Indirect evidence of neural damage has also come from studies using MRI spectroscopy to measure brain metabolites. Diabetic children in very poor control (mean HbAlc = 11.9%) showed marked reductions in ^-acetyl-aspartate (NAA) - a marker of neuronal death and dysfunction - in two brain areas: pons and posterior parietal white matter (82). Reductions in choline-containing compounds were also evident in the pons, consistent with the view that the integrity of phospholipid cell membranes, including myelin, may be compromised significantly because of diabetes. Similar reductions in NAA have also been noted in diabetic adults in poor metabolic control (83), in hyperglycemic rats (84), and in diabetic children following an episode of moderately severe hypoglycemia (85). In that latter study, NAA was reduced in frontal and temporal brain regions, as well as in the basal ganglia shortly after the hypoglycemic event. However, those effects were transient; when the children were subsequently re-evaluated 6 months later, the NAA values began to approach normality. Thus, the possibility exists - although remains untested - that the changes in brain metabolites found in poorly controlled diabetic children may not actually reflect permanent neuronal damage but may merely be a consequence of acute hyperglycemia and be reversible following improved metabolic control.

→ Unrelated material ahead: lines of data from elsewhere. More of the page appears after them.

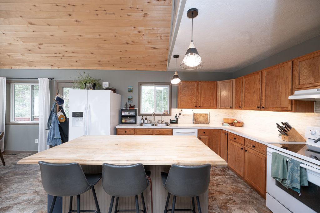 Set on 1.08 acres in the desirable Many Lakes, this well-maintained and thoughtfully updated 2,304 sq. ft. home offers space, comfort, and a prime location between Kalispell and Bigfork. The main level features three bedrooms, two bathrooms, and a welcoming living area that flows into the kitchen and dining space, creating an ideal layout for both everyday living and entertaining. A wraparound deck extends your living space outdoors, offering peaceful meadow views and a relaxing setting. Upstairs, a 344 sq. ft. loft currently used as a bedroom includes a half bath and closet, providing flexible space for guests or additional living. The walkout lower level adds even more versatility with a spacious family room, office, laundry area, and direct access to the attached single-car garage. The property also includes a detached two-car garage, a fire pit, perennial/evergreen garden and plenty of room to enjoy the outdoors. Its location provides convenient access to some of northwest Montana's most sought-after destinations, including Glacier National Park, Whitefish Mountain Resort, Flathead Lake, Swan Lake, Blacktail Mountain Ski Area, Jewel Basin Hiking Area, and the Bob Marshall Wilderness.
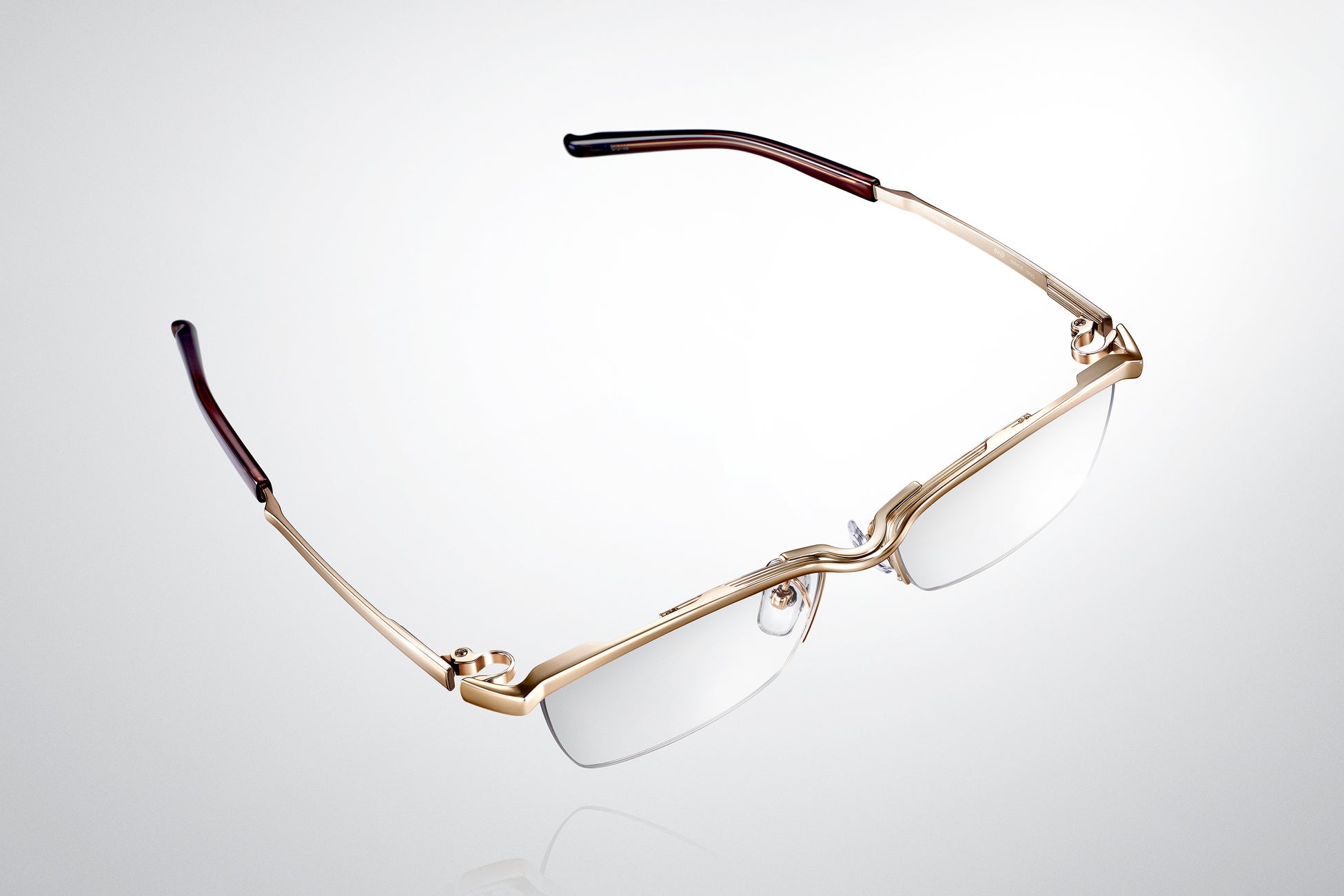2000年発表のO-01Tシリーズ、2012年発表のO-30Tシリーズの流れを受け継ぎ、独特なブロウバーの印象はそのままに、ひとつひとつのパーツの質感やフレーム全体のバランスを磨き上げた、更なる進化を感じさせるワンポイントフレームです。逆Rテンプルがワンポイントフレームにおいても効率的に負荷を解消し、高いホールド感と柔らかな掛け心地を生み出します。
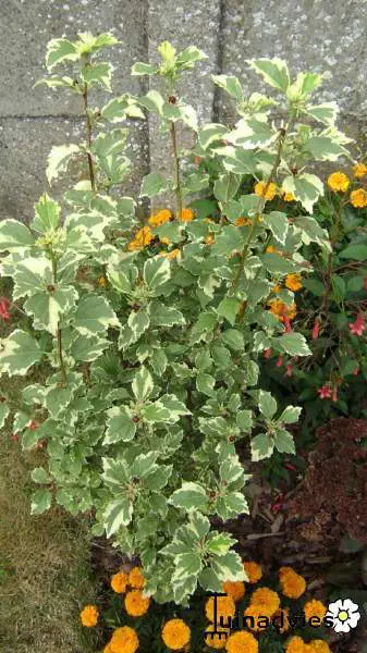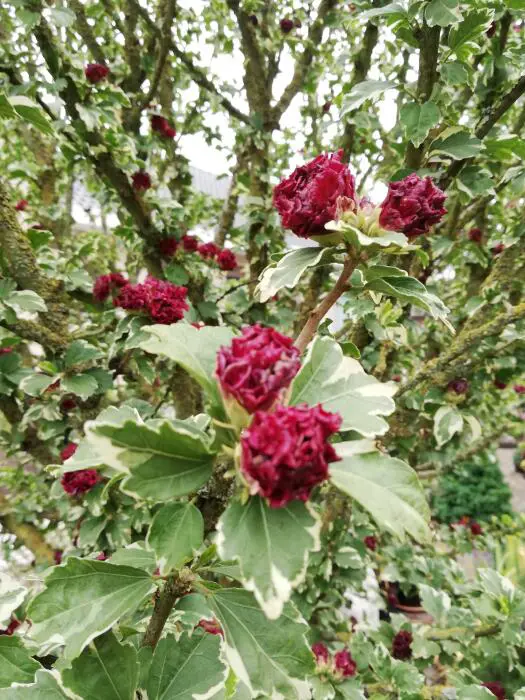 Hibiscus syriacus 'Purpureus Variegatus' is een rechtopstaande brede heester met een compacte groeiwijze en bonte bleekgele/groene bladeren.

Neurocognitive Phenotypes for the Child with Diabetes: The Search Continues

Despite an increasing interest in brain function in children with diabetes, the research described in this chapter provides, at best, an incomplete picture of neurocognitive status. We do know that children with diabetes earn somewhat lower scores in school, have lower IQ scores, perform more poorly on visuoperceptual and attentional tasks, and are somewhat slower on a variety of mental efficiency tests as compared to their nondiabetic peers. The magnitude of these effects is quite small, unless the child developed diabetes early in life; then, a subset of those children may show moderately severe impairment. Other cognitive domains (e.g., learning, memory, problem-solving, language skills) are also compromised to some extent in children with an earlier age at onset, but there is less consensus as to whether they are affected in children with a later onset of diabetes.

consistent with the mental slowing is the neural slowing noted on a variety of electrophysiological measures obtained either while the child is quietly resting or in response to sensory stimuli. one would assume that a robust relationship would exist between these cognitive and electrophysio-logical measures but remarkably this has not been studied in children. Other measures of brain function and structure also reveal some extremely modest effects in a very limited number of brain regions. Those findings are sufficient for a "proof-of-concept" demonstration - that is, that the brain is indeed affected to some extent in children with diabetes. At the present time, however, this body of research is insufficient to provide an accurate, comprehensive, and integrated delineation of those neurocognitive characteristics.